## REQUIREMENT
Write out every line of the material as it stands, apart from the pictures.
___ DATA EXTRACT ___
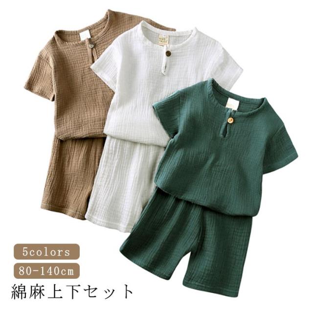 キッズ 上下セット 子供服 半袖Tシャツ ハーフパンツ 綿麻 ルームウェア ベビー ジュニア 部屋着 パジャマ 普段着 女の子 男の子 コットン ユニセックス セットアップ 無地 幼児 カジュアル 80 90 100 110 120 130 140cm 夏
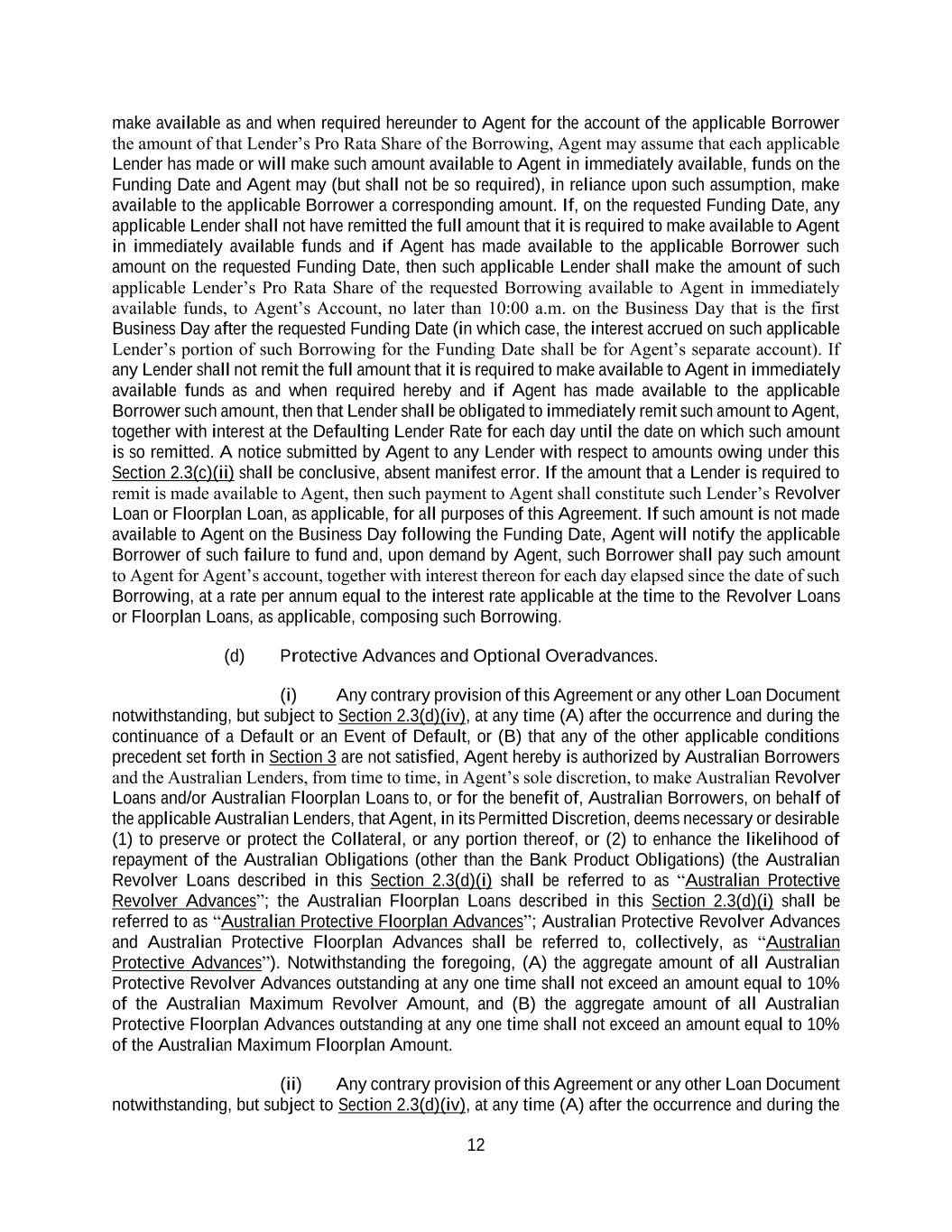 12 make available as and when required hereunder to Agent for the account of the applicable Borrower the amount of that Lender’s Pro Rata Share of the Borrowing, Agent may assume that each applicable Lender has made or will make such amount available to Agent in immediately available, funds on the Funding Date and Agent may (but shall not be so required), in reliance upon such assumption, make available to the applicable Borrower a corresponding amount. If, on the requested Funding Date, any applicable Lender shall not have remitted the full amount that it is required to make available to Agent in immediately available funds and if Agent has made available to the applicable Borrower such amount on the requested Funding Date, then such applicable Lender shall make the amount of such applicable Lender’s Pro Rata Share of the requested Borrowing available to Agent in immediately available funds, to Agent’s Account, no later than 10:00 a.m. on the Business Day that is the first Business Day after the requested Funding Date (in which case, the interest accrued on such applicable Lender’s portion of such Borrowing for the Funding Date shall be for Agent’s separate account). If any Lender shall not remit the full amount that it is required to make available to Agent in immediately available funds as and when required hereby and if Agent has made available to the applicable Borrower such amount, then that Lender shall be obligated to immediately remit such amount to Agent, together with interest at the Defaulting Lender Rate for each day until the date on which such amount is so remitted. A notice submitted by Agent to any Lender with respect to amounts owing under this Section 2.3(c)(ii) shall be conclusive, absent manifest error. If the amount that a Lender is required to remit is made available to Agent, then such payment to Agent shall constitute such Lender’s Revolver Loan or Floorplan Loan, as applicable, for all purposes of this Agreement. If such amount is not made available to Agent on the Business Day following the Funding Date, Agent will notify the applicable Borrower of such failure to fund and, upon demand by Agent, such Borrower shall pay such amount to Agent for Agent’s account, together with interest thereon for each day elapsed since the date of such Borrowing, at a rate per annum equal to the interest rate applicable at the time to the Revolver Loans or Floorplan Loans, as applicable, composing such Borrowing. (d) Protective Advances and Optional Overadvances. (i) Any contrary provision of this Agreement or any other Loan Document notwithstanding, but subject to Section 2.3(d)(iv), at any time (A) after the occurrence and during the continuance of a Default or an Event of Default, or (B) that any of the other applicable conditions precedent set forth in Section 3 are not satisfied, Agent hereby is authorized by Australian Borrowers and the Australian Lenders, from time to time, in Agent’s sole discretion, to make Australian Revolver Loans and/or Australian Floorplan Loans to, or for the benefit of, Australian Borrowers, on behalf of the applicable Australian Lenders, that Agent, in its Permitted Discretion, deems necessary or desirable (1) to preserve or protect the Collateral, or any portion thereof, or (2) to enhance the likelihood of repayment of the Australian Obligations (other than the Bank Product Obligations) (the Australian Revolver Loans described in this Section 2.3(d)(i) shall be referred to as “Australian Protective Revolver Advances”; the Australian Floorplan Loans described in this Section 2.3(d)(i) shall be referred to as “Australian Protective Floorplan Advances”; Australian Protective Revolver Advances and Australian Protective Floorplan Advances shall be referred to, collectively, as “Australian Protective Advances”). Notwithstanding the foregoing, (A) the aggregate amount of all Australian Protective Revolver Advances outstanding at any one time shall not exceed an amount equal to 10% of the Australian Maximum Revolver Amount, and (B) the aggregate amount of all Australian Protective Floorplan Advances outstanding at any one time shall not exceed an amount equal to 10% of the Australian Maximum Floorplan Amount. (ii) Any contrary provision of this Agreement or any other Loan Document notwithstanding, but subject to Section 2.3(d)(iv), at any time (A) after the occurrence and during the
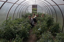 В нашей теплице очень хороший урожай помидор. До сих пор помидоры зреют на корню.
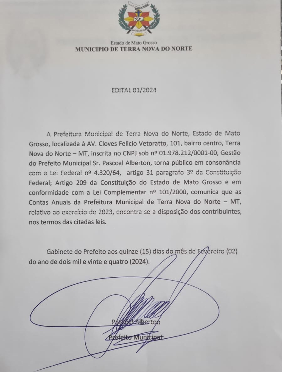 A Prefeitura Municipal de Terra Nova do Norte, Estado de Mato Grosso, localizada à AV. Cloves Felicio Vetoratto, 101, bairro centro, Terra Nova do Norte – MT, inscrita no CNPJ sob nº 01.978.212/0001-00, Gestão do Prefeito Municipal Sr. Pascoal Alberton, torna público em consonância com a Lei Federal nº 4.320/64, artigo 31 paragrafo 3º da Constituição Federal; Artigo 209 da Constituição do Estado de Mato Grosso e em conformidade com a Lei Complementar nº 101/2000, comunica que as Contas Anuais da Prefeitura Municipal de Terra Nova do Norte – MT, relativo ao exercício de 2023, encontra-se a disposição dos contribuintes, nos termos das citadas leis.
___
## THE COMPLETED TASK
 キッズ 上下セット 子供服 半袖Tシャツ ハーフパンツ 綿麻 ルームウェア ベビー ジュニア 部屋着 パジャマ 普段着 女の子 男の子 コットン ユニセックス セットアップ 無地 幼児 カジュアル 80 90 100 110 120 130 140cm 夏
 12 make available as and when required hereunder to Agent for the account of the applicable Borrower the amount of that Lender’s Pro Rata Share of the Borrowing, Agent may assume that each applicable Lender has made or will make such amount available to Agent in immediately available, funds on the Funding Date and Agent may (but shall not be so required), in reliance upon such assumption, make available to the applicable Borrower a corresponding amount. If, on the requested Funding Date, any applicable Lender shall not have remitted the full amount that it is required to make available to Agent in immediately available funds and if Agent has made available to the applicable Borrower such amount on the requested Funding Date, then such applicable Lender shall make the amount of such applicable Lender’s Pro Rata Share of the requested Borrowing available to Agent in immediately available funds, to Agent’s Account, no later than 10:00 a.m. on the Business Day that is the first Business Day after the requested Funding Date (in which case, the interest accrued on such applicable Lender’s portion of such Borrowing for the Funding Date shall be for Agent’s separate account). If any Lender shall not remit the full amount that it is required to make available to Agent in immediately available funds as and when required hereby and if Agent has made available to the applicable Borrower such amount, then that Lender shall be obligated to immediately remit such amount to Agent, together with interest at the Defaulting Lender Rate for each day until the date on which such amount is so remitted. A notice submitted by Agent to any Lender with respect to amounts owing under this Section 2.3(c)(ii) shall be conclusive, absent manifest error. If the amount that a Lender is required to remit is made available to Agent, then such payment to Agent shall constitute such Lender’s Revolver Loan or Floorplan Loan, as applicable, for all purposes of this Agreement. If such amount is not made available to Agent on the Business Day following the Funding Date, Agent will notify the applicable Borrower of such failure to fund and, upon demand by Agent, such Borrower shall pay such amount to Agent for Agent’s account, together with interest thereon for each day elapsed since the date of such Borrowing, at a rate per annum equal to the interest rate applicable at the time to the Revolver Loans or Floorplan Loans, as applicable, composing such Borrowing. (d) Protective Advances and Optional Overadvances. (i) Any contrary provision of this Agreement or any other Loan Document notwithstanding, but subject to Section 2.3(d)(iv), at any time (A) after the occurrence and during the continuance of a Default or an Event of Default, or (B) that any of the other applicable conditions precedent set forth in Section 3 are not satisfied, Agent hereby is authorized by Australian Borrowers and the Australian Lenders, from time to time, in Agent’s sole discretion, to make Australian Revolver Loans and/or Australian Floorplan Loans to, or for the benefit of, Australian Borrowers, on behalf of the applicable Australian Lenders, that Agent, in its Permitted Discretion, deems necessary or desirable (1) to preserve or protect the Collateral, or any portion thereof, or (2) to enhance the likelihood of repayment of the Australian Obligations (other than the Bank Product Obligations) (the Australian Revolver Loans described in this Section 2.3(d)(i) shall be referred to as “Australian Protective Revolver Advances”; the Australian Floorplan Loans described in this Section 2.3(d)(i) shall be referred to as “Australian Protective Floorplan Advances”; Australian Protective Revolver Advances and Australian Protective Floorplan Advances shall be referred to, collectively, as “Australian Protective Advances”). Notwithstanding the foregoing, (A) the aggregate amount of all Australian Protective Revolver Advances outstanding at any one time shall not exceed an amount equal to 10% of the Australian Maximum Revolver Amount, and (B) the aggregate amount of all Australian Protective Floorplan Advances outstanding at any one time shall not exceed an amount equal to 10% of the Australian Maximum Floorplan Amount. (ii) Any contrary provision of this Agreement or any other Loan Document notwithstanding, but subject to Section 2.3(d)(iv), at any time (A) after the occurrence and during the
 В нашей теплице очень хороший урожай помидор. До сих пор помидоры зреют на корню.
 A Prefeitura Municipal de Terra Nova do Norte, Estado de Mato Grosso, localizada à AV. Cloves Felicio Vetoratto, 101, bairro centro, Terra Nova do Norte – MT, inscrita no CNPJ sob nº 01.978.212/0001-00, Gestão do Prefeito Municipal Sr. Pascoal Alberton, torna público em consonância com a Lei Federal nº 4.320/64, artigo 31 paragrafo 3º da Constituição Federal; Artigo 209 da Constituição do Estado de Mato Grosso e em conformidade com a Lei Complementar nº 101/2000, comunica que as Contas Anuais da Prefeitura Municipal de Terra Nova do Norte – MT, relativo ao exercício de 2023, encontra-se a disposição dos contribuintes, nos termos das citadas leis.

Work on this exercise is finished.